_Task goal_
Starting with the first line of the data below, copy each line up to and including the one containing "Lot 544 Pieloce (Pierro x Vivi Veloce)". Pictures stay out.

******

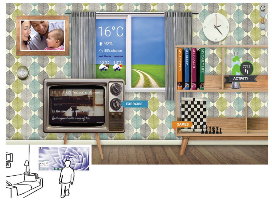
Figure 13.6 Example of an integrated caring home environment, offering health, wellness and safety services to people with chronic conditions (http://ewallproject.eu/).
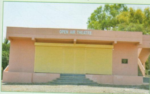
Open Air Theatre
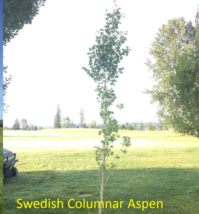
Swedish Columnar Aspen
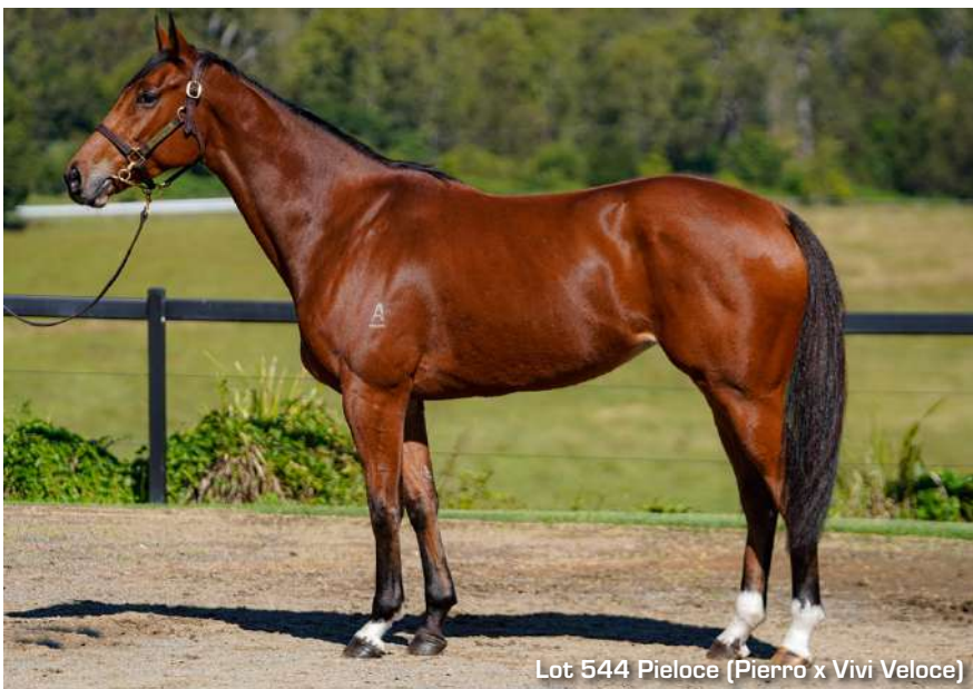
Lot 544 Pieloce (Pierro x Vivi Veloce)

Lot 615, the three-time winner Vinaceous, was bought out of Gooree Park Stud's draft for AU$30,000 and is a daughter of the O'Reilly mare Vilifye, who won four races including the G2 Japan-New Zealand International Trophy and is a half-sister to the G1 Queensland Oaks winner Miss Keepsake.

******

_Response for this exercise_
Figure 13.6 Example of an integrated caring home environment, offering health, wellness and safety services to people with chronic conditions (http://ewallproject.eu/).
Open Air Theatre
Swedish Columnar Aspen
Lot 544 Pieloce (Pierro x Vivi Veloce)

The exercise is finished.